→ **TASK DESCRIPTION**: Give the lines again exactly as they appear below, from the line with "- Commentar über" to the line with "鲨鱼菲特 【100g0脂软糯紫薯干*5】500g", both included, and only those lines. Leave every picture out.

→ **Collected data entries**:
+++++

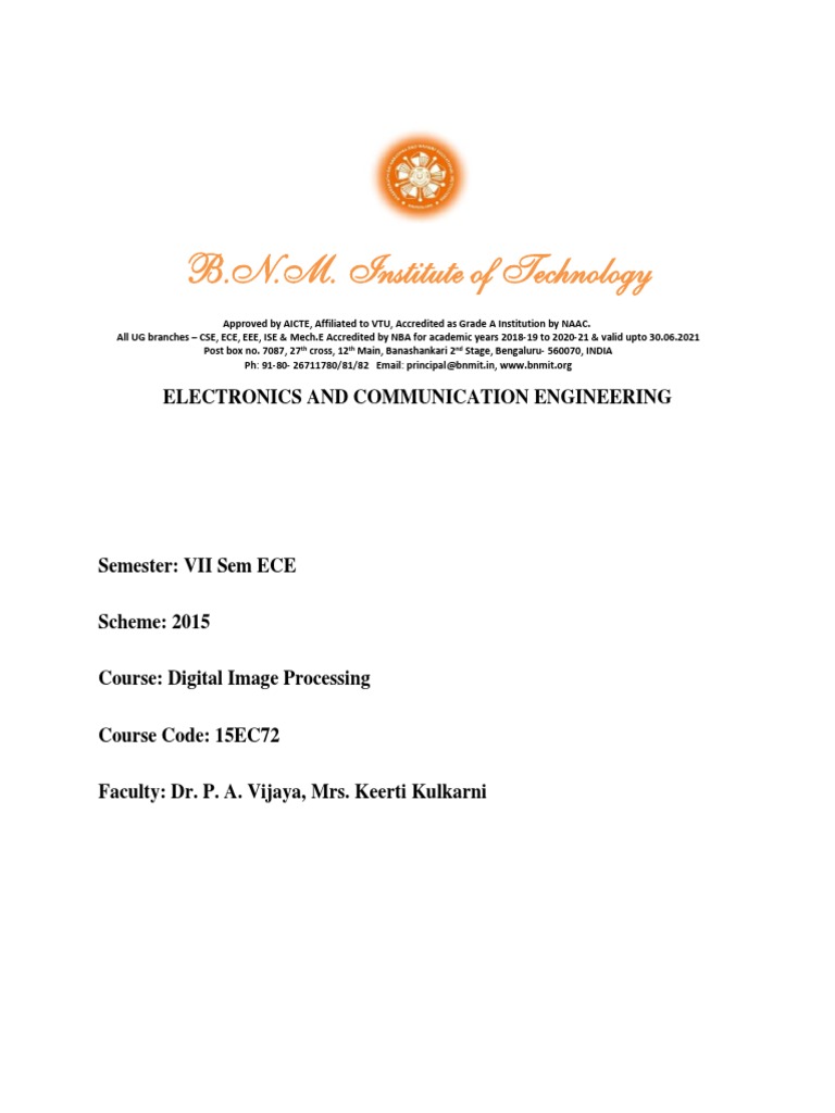 Ph: 91-80- 26711780/81/82 Email: principal@bnmit.in, www.bnmit.org
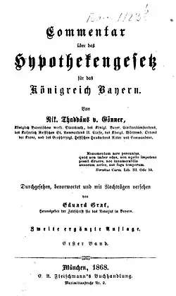 - Commentar über das Hypotheken-Gesetz für das Königreich Bayern. 2. Auflage.
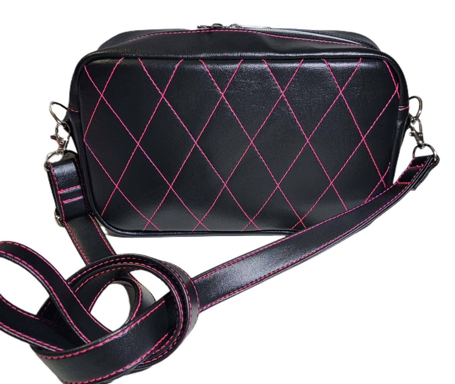 Neon pink and black/ floral/ diamond quilt/ boxy bag/ card holder/ silver hardware
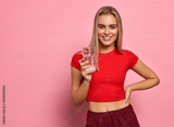 Healthy young blonde woman in sport suit holding a glass of water isolated on pastel background
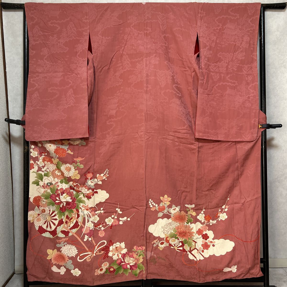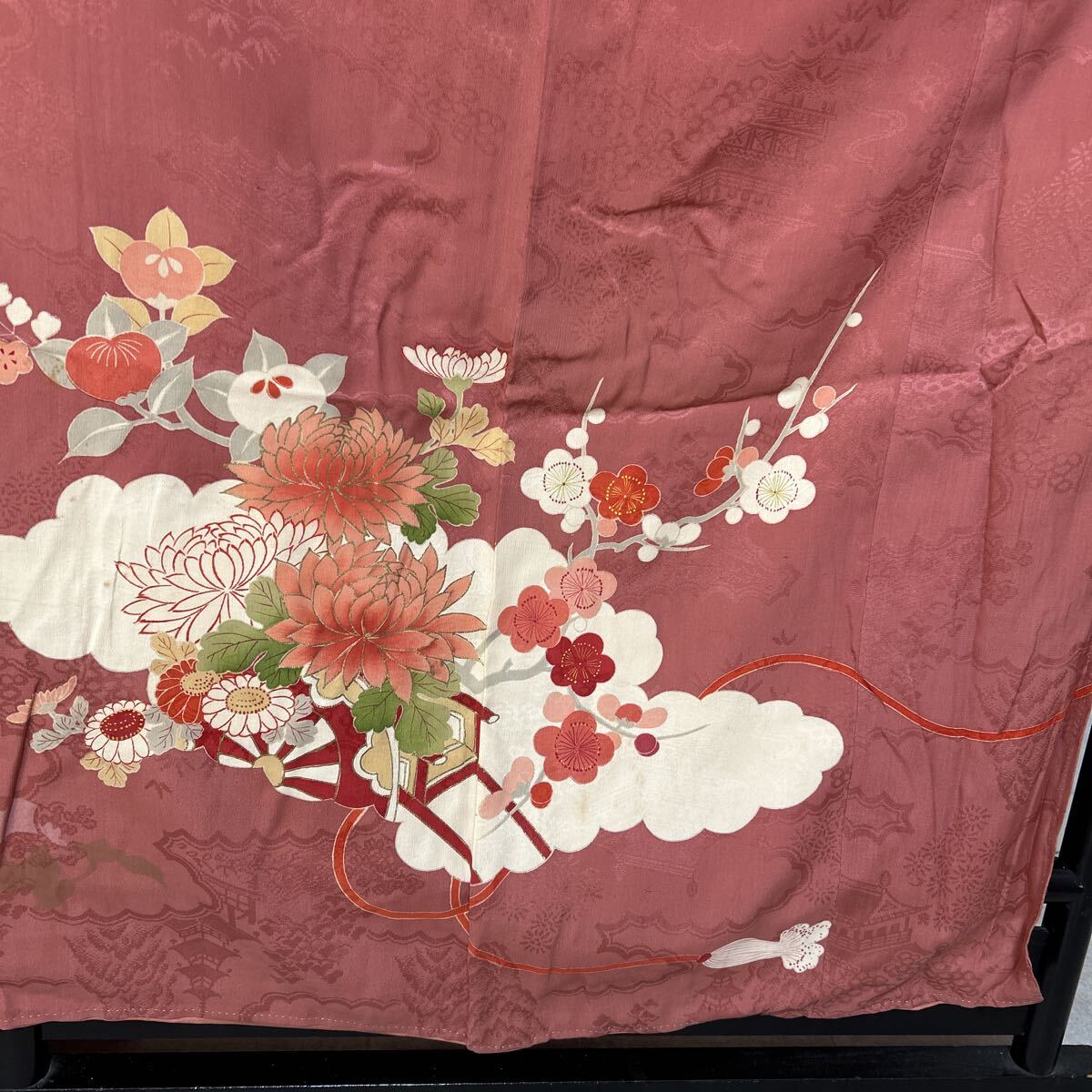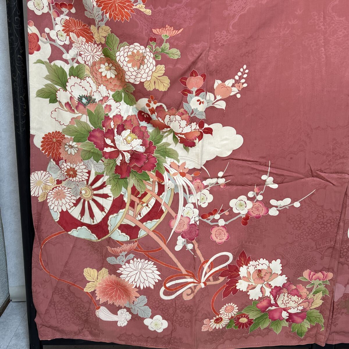 アンティーク 着物 付け下げ 花 金 花車 正絹 昭和レトロ 大正ロマン モダン 和洋折衷コーデ リメイク 25こ07-04t
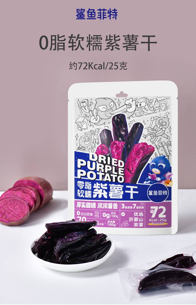 鲨鱼菲特 【100g0脂软糯紫薯干*5】500g
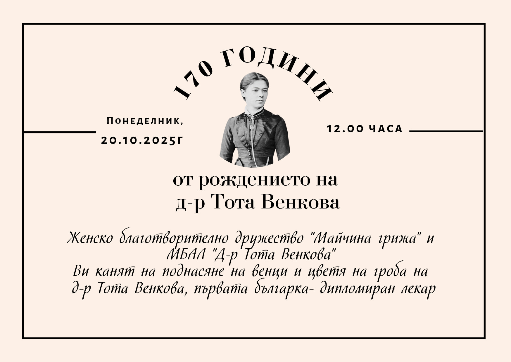 - С поднасяне на цветя и венци Габрово ще отбележи 170 години от рождението на д-р Тота Венкова В понеделник, 20 октомври, се навършват 170 години от рождението на забележителната д-р Тота Венкова. Нейната памет ще бъде отбелязана с тържествено поднасяне на цвета пред гроба ѝ, от 12:00 часа. Организатори на събитието ЖБД „Майчина грижа“ и [...]
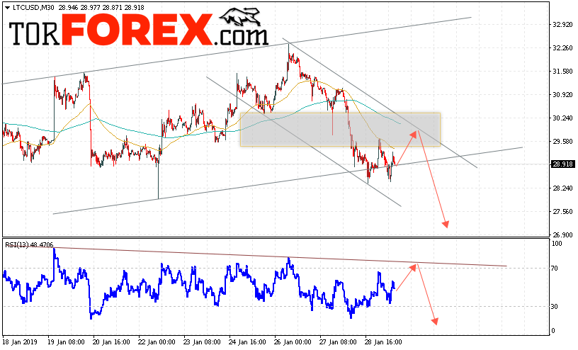 В пользу снижения котировок LTC/USD выступит тест нисходящей линии тренда на индикаторе относительной силы. А также отскок от верхней границы нисходящего канала. Отменой варианта падения станет сильный рост и пробой области 30.95. Это укажет на пробой сопротивления и продолжения роста курса криптовалюты. С пробоем нижней границы канала и закрытием котировок ниже уровня 27.50 стоит ожидать подтверждения развития нисходящей тенденции по Litecoin.

+++++

→ **ANSWER TO THIS EXERCISE**:
 - Commentar über das Hypotheken-Gesetz für das Königreich Bayern. 2. Auflage.
 Neon pink and black/ floral/ diamond quilt/ boxy bag/ card holder/ silver hardware
 Healthy young blonde woman in sport suit holding a glass of water isolated on pastel background
 アンティーク 着物 付け下げ 花 金 花車 正絹 昭和レトロ 大正ロマン モダン 和洋折衷コーデ リメイク 25こ07-04t
 鲨鱼菲特 【100g0脂软糯紫薯干*5】500g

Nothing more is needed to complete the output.